In many ways, natural gas companies have been “their own worst enemies,” Adam Wilmoth writes:
New technology and improved drilling techniques quickly allowed the industry to tap vast natural gas supplies throughout the county, flooding the market and destroying prices.
Low natural gas prices have forced executives at energy companies around the country to focus on oil and petroleum liquids. This is happening across the U.S. and here in Oklahoma. The Oklahoman story explores operational shifts at SandRidge Energy, Chesapeake Energy, Devon Energy and Continental Resources.
One of the earliest and “most radical” transformations has been seen at SandRidge, The Oklahoman reports. Just two years after being founded as a natural gas company, executives there started transitioning focus to oil.
To make the transition, SandRidge sold off natural gas producing assets, gobbled up oil companies and oil and natural gas liquids-rich properties and piled on billions of dollars in debt, the paper reports.

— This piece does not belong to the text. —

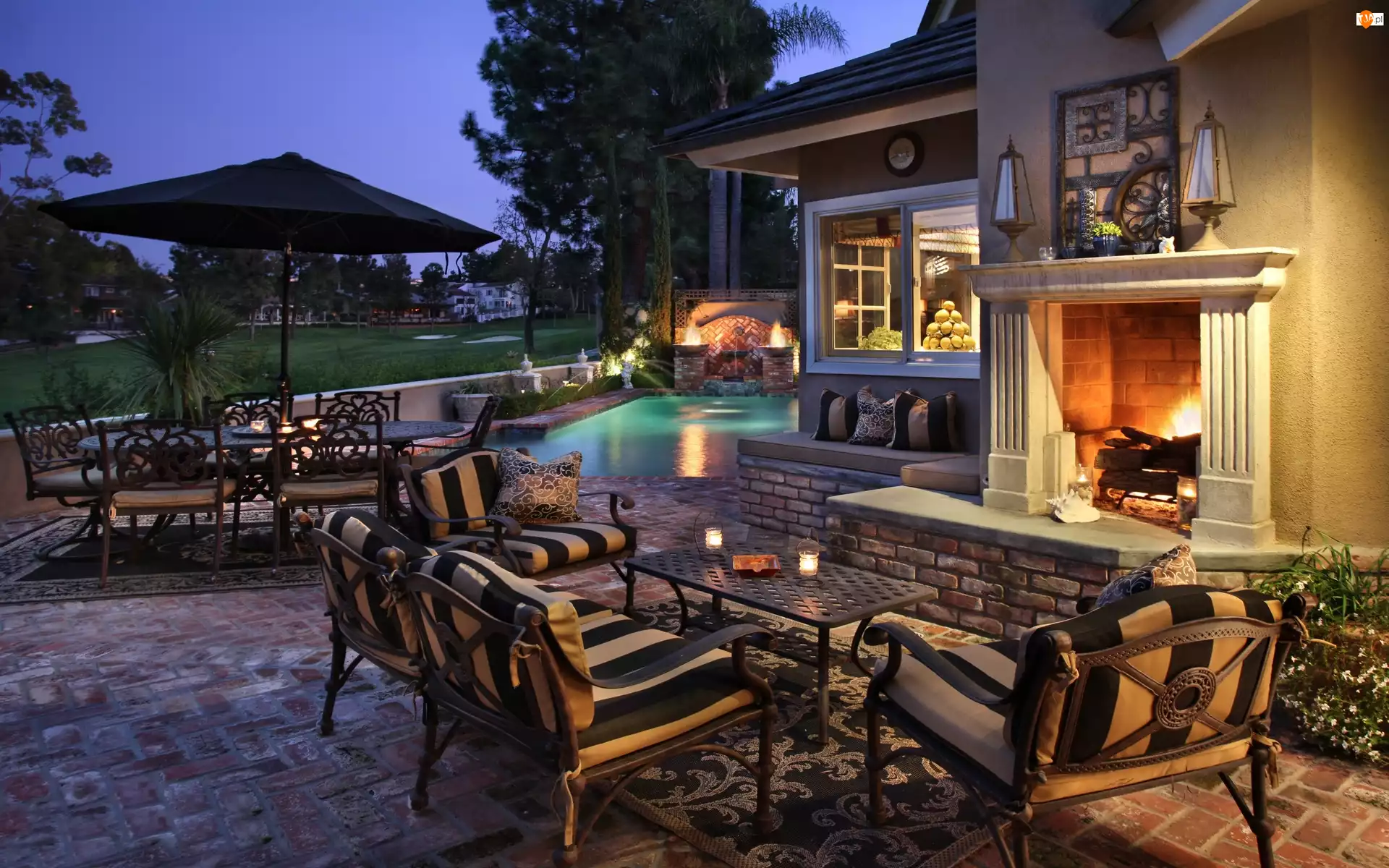 Miasteczko, Restauracje, Fotele, Stoliki, Fontanna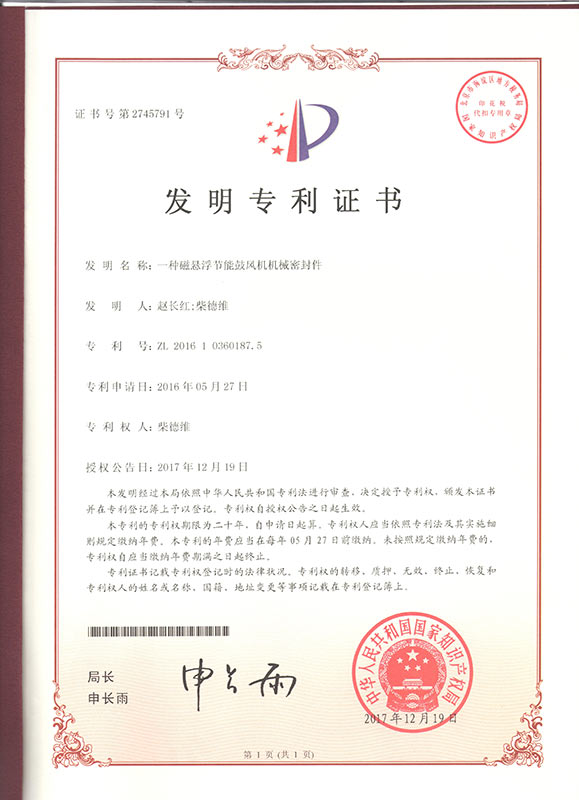 一種磁懸浮節能鼓風機機械密封件發明專利證書

Revenues at SandRidge are up now that it’s largely an oil company, according to The Oklahoman. Chesapeake is making the switch, too. And, like SandRidge, has piled on debt during the gas-to-liquids transition.
The shift has been less dramatic for low-debt Devon and Continental, The Oklahoman reports. Devon has long balanced a mix of both natural gas and oil properties, and Continental has had oil interests “for decades” and didn’t take on debt to make the switch.